How can any wrongs we've committed in this life merit eternal punishment? Isn't it unfair to say that a finite life of sin warrants infinite punishment? Where's the justice in that?
"Wouldn't a loving God make the punishment fit the crime by not making hell last forever?" I asked as I sat back down on the edge of the couch. "How can we do anything in this life that would warrant eternal torture?"
"Remember, it's not torture," Moreland pointed out. "The wording is critical. It's not eternal conscious torture; it's eternal conscious suffering due to being sentenced away from God."
"Okay," I said, "but that doesn't answer the question."

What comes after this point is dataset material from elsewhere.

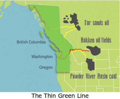 The Thin Green Line – an enigmatic, yet intuitively charged, descriptor of the ecological organizations in the Pacific Northwest that are engaged in near heroic struggles against fossil fuels. The involved activists consist of environmental groups, Native tribes, think tanks, community empowerment groups, public interest law firms, and others. They aren’t necessarily working as a unit, though their causes overlap, and they often collaborate on large issues. But collectively they are The Thin Green Line, and have a cumulative impact blocking tar sands oil, fracked shale oil, natural gas, and coal from reaching export terminals on the Pacific coast. Two of the key players are the Sightline Institute that ties issues and groups together with research and news, and the Columbia Riverkeeper that acts on many levels of river protection, legislative efforts, and regulatory challenges. The Sightline Institute maintains the website of The Thin Green Line.

"No, it doesn't. But let me try. First, we all know that the degree to which a person warrants punishment is not a function of the length of time it took to commit a crime. For example, a murder can take ten seconds to commit; stealing somebody's Encyclopaedia Britannica could take half a day if it took a long time to break into the house. My point is that the degree of someone's just punishment is not a function of how long it took to commit the deed; rather, it's a function of how severe the deed itself was.
"And that leads to the second point. What is the most heinous thing a person can do in this life? Most people, because they don't think much about God, will say it's harming animals or destroying the environment or hurting another person. And, no question, all of those are horrible. But they pale in light of the worst thing a person can do, which is to mock and dishonor and refuse to love the person that we owe absolutely everything to, which is our Creator, God himself.
"You have to understand that God is infinitely greater in his goodness, holiness, kindness, and justice than anyone else. To think that a person could go through their whole life constantly ignoring him, constantly mocking him by the way they choose to live without him, saying, 'I couldn't care less about what you put me here to do. I couldn't care less about your values or your Son's death for me. I'm going to ignore all of that'-that's the ultimate sin. And the only punishment worthy of that is the ultimate punishment, which is everlasting separation from God.
"As Alan Gomes has pointed out, the nature of the object against which the sin is committed, as well as the nature of the sin itself, must be taken into account when determining the degree of heinousness.7
Moreland's answer made me think of the incident where a lawyer asked Jesus what the greatest law is. Jesus told him: "Love the Lord your God with all your heart and with all your soul and with all your strength and with all your mind, and, love your neighbor as yourself."8
In the United States, the most serious crime-murder-is punishable by its most severe sanction, which is being separated from society for life in prison. And there did seem to be a certain logic in saying that defiantly violating God's ultimate law should bring the ultimate sanction, which is being separated from God and his people for eternity.